Lead Software Engineer (Observability & Telemetry)

Airkit

Airkit

Software Engineering
Bellevue, WA, USA
Posted on Mar 24, 2026

Description

Join the team responsible for innovating and maintaining the massive-scale, distributed systems that monitor Salesforce’s infrastructure.

This position is located in the Bellevue office and requires onsite presence.

The Network Visibility and Telemetry team is responsible for designing, building, and operating a set of systems and services which deliver metrics, telemetry and alerting for data center infrastructure (network, storage, etc).
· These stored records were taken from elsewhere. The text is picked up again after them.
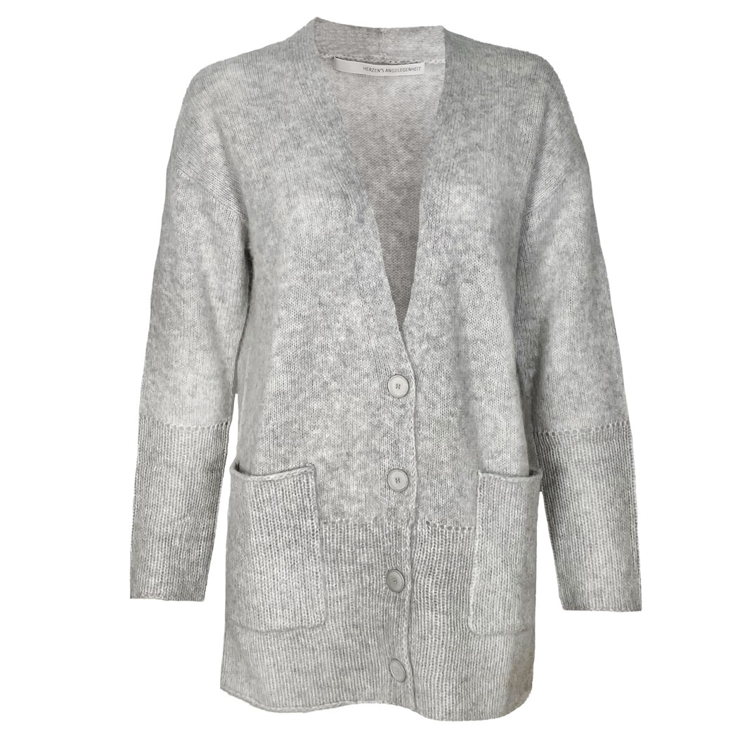 Herzen´s Angelegenheit Cardigan/Strickjacke “Silverlight”. Der Herzen´s Angelegenheit Cardigan “Silverlight” ist eine elegante und vielseitige Strickjacke mit längerer Passform, die Komfort und Stil perfekt vereint. Der lockere Schnitt sorgt für eine lässige, entspannte Silhouette und macht den Cardigan zu einem idealen Begleiter für verschiedene Looks. Das Design zeichnet sich durch eine durchgehende Knopfleiste aus, die das An- und Ausziehen erleichtert und dem Cardigan einen klassischen Touch verleiht. Die aufgesetzten Taschen an den Seiten bieten praktischen Stauraum und setzen gleichzeitig dezente Akzente im Design.
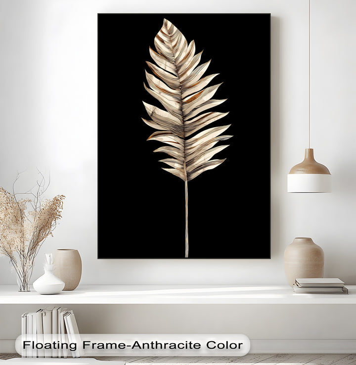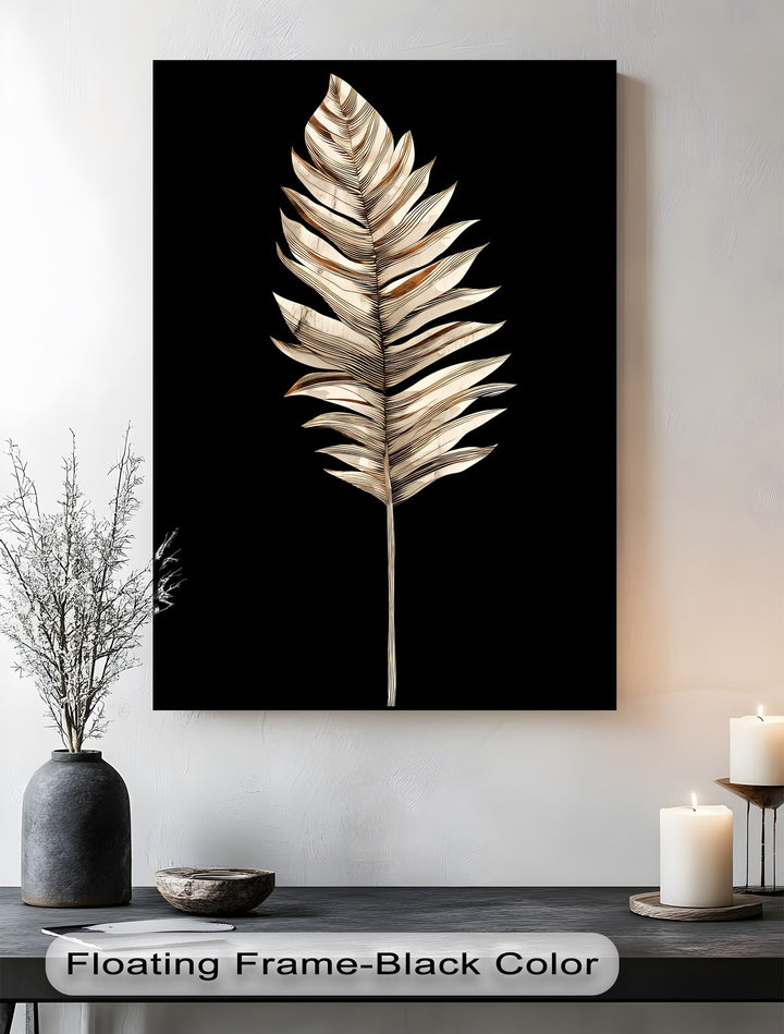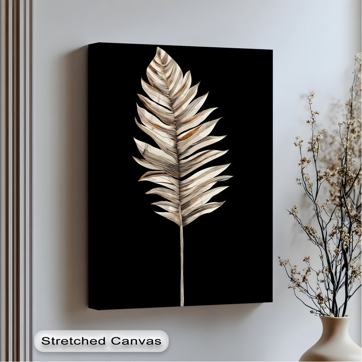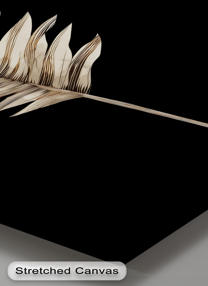 Bring sophistication and natural elegance into your home with Golden Palm, a striking canvas wall art featuring a delicately detailed palm leaf in shimmering golden tones set against a bold black backdrop. The metallic finish and fine linework create a luxurious balance of modern minimalism and organic beauty.
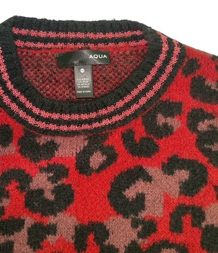 AQUA Red Leopard Print Knit Sweater XS Crewneck Long Sleeve

We are part of the Infrastructure Strategy Datacenter Operations organization, which is a dynamic, global team delivering and supporting technology infrastructure to meet the substantial growth needs of the business.

In this role, you will leverage your experience in building and deploying large-scale systems to automate systems services across all types of infrastructure (storage, network, server), enable the collection of infrastructure telemetry, make the infrastructure visible and accessible, and ensure that alerts are generated where action is needed.

Required Skills:

  • A related technical degree required.

  • 8+ years of proven experience with supporting a codebase for distributed services implemented in Java and/or Python

  • Experience with automation of systems services and processes.

  • Excellent analytical and problem-solving skills

  • A long-standing practice of using Source Control (e.g. git) and unit testing

  • Experience in publishing and consuming REST APIs

  • CI/CD experience with Jenkins

  • Knowledge of Linux (RedHat) including configuration, packages, services, daemons, shells, and troubleshooting

  • Experience with configuration automation tools such as Ansible, Puppet, and/or Chef.

  • Experience in fast-paced, technical environments experiencing rapid growth and change

  • Ability to adapt, to be flexible, and to learn quickly in a dynamic environment

  • Excellent organizational skills including ability to prioritize tasks efficiently with high level of attention to detail

  • Ability to work under tight deadlines while coordinating several projects at a time and responding to changing business and technical conditions

Desired skills:

  • Development experience in Clojure.

  • Experience with the monitoring and alerting of network infrastructure - routers, switches, load balancers, etc. - in a high-availability, always-on datacenter environment

  • Experience with the monitoring and alerting of storage infrastructure - switches, arrays, etc - in a high-availability, always-on data center environment

  • Experience with container orchestration systems, i.e., Docker and Kubernetes

  • Experience with Terraform, Helm, and Spinnaker.

  • Strong Network Engineering Skills: SNMP, BGP, OSPF or ISIS, LAN switching technologies, backbone, load balancers, IPv4/IPv6 addressing and subnetting.

  • Experience with application protocols and troubleshooting for the same (i.e., HTTP, HTTPS, TCP/UDP)

  • Experience with application databases and document stores, e.g. Elasticsearch, Cassandra

  • Experience in writing systems automation in a high level language such as python.

  • Previous experience as Scrum Master or Product Owner on an Agile Dev Team is a nice to have, especially if you enjoyed it.